The management of PG remains a challenge as therapeutic decisions need to be personalized, focused on the presence of concomitant diseases, and the specific quantity, location, diameter, and depth of lesions. The topical therapy of PG often does not allow proper control of disease activity. Therefore, the additional use of systemic therapeutic agents is necessary in more severe PG cases.

For the purposes of this article, a detailed search of the PubMed database was carried out, using the following search terms: “pyoderma gangrenosum”, “hemophagocytic lymphohistiocytosis”, “HLH”, “double negative T lymphocytes”, “treatment of pyoderma gangrenosum”, “topical treatment of pyoderma gangrenosum”, and “systemic treatment of pyoderma gangrenosum”. Articles published till January 2021 were selected on the basis of their relevance. The list of suitable articles was amended by manual search of references of identified papers. All studies published in languages other than English were excluded. The most relevant papers on PG treatment involving more than 15 patients are listed in Table 2.

The most common topical treatments for PG include calcineurin inhibitors and potent or ultra-potent corticosteroids. According to Marzano et al., monotherapy with tacrolimus could be the first-line treatment of idiopathic, early, localized PG [29]. In a case series of five patients treated with 0.1% tacrolimus ointment, complete clinical remission was achieved within a mean time of 6 weeks [37]. Moreover, in another clinical trial conducted by Lyon et al., 11 patients with peristomal PG were treated with topical tacrolimus 0.3%, whereas 17 patients received topical clobetasol propionate 0.05% [30]. This study suggested that 0.3% tacrolimus might be more effective than clobetasol in managing PG lesions larger than 2 cm in diameter. Importantly, in most case reports, topical tacrolimus was used together with other systemic therapies.
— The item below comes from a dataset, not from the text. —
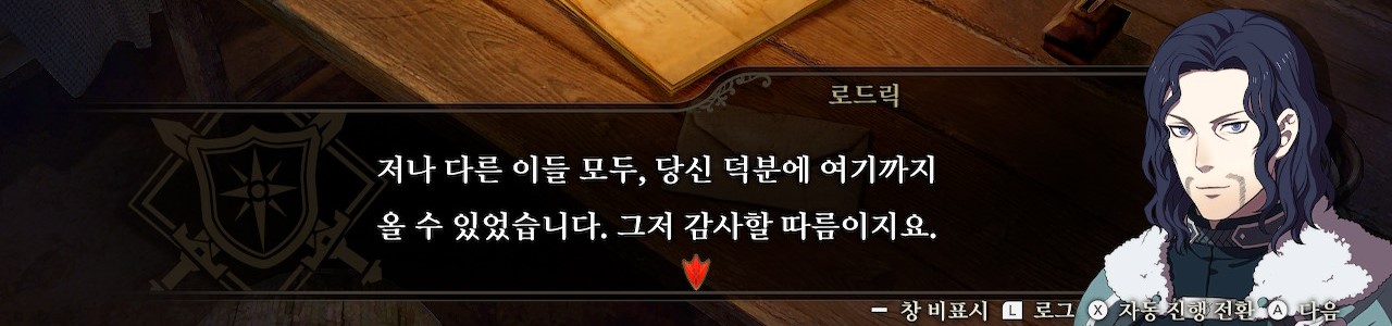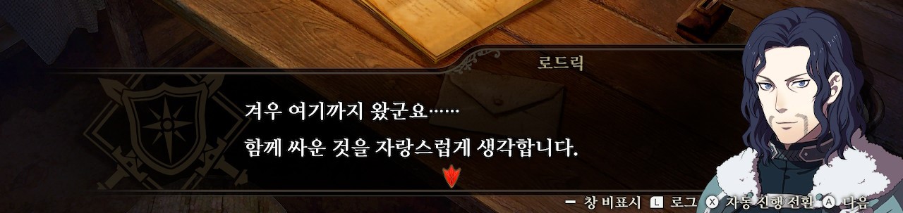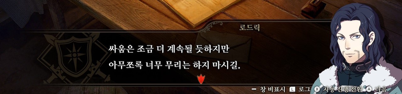 로드릭 지원회화에 제대로 홀려서 이번엔 로드릭 엔딩을 볼 생각이었음.

Systemic corticosteroids and cyclosporin, either in monotherapy or combined, are considered first-line agents for PG. The results from a randomized controlled trial comparing oral cyclosporin (4 mg/kg per day) with prednisolone (0.75 mg/kg per day) showed no significant difference between these two regimens [26]. Despite similar adverse reactions, infections were more common in the prednisolone group, while renal impairment and hypertension were frequent in the cohort receiving cyclosporin. Hence, the specific side effect profiles of both drugs should be crucial in making treatment decisions.

In cases of refractory PG, intravenous immunoglobulin therapy (IVIG) can be used simultaneously with systemic steroids [36, 38,39,40]. In a systematic review of 49 patients, 43 (87.8%) achieved a complete or partial response, whereas complete response was observed in 26 (53.1%) of cases. Most patients received a dose of 2 g/kg and the average time to initial response was 3–5 weeks. These findings suggest that clinicians may consider IVIG as adjuvant therapy or a good alternative to cyclosporin and corticosteroids.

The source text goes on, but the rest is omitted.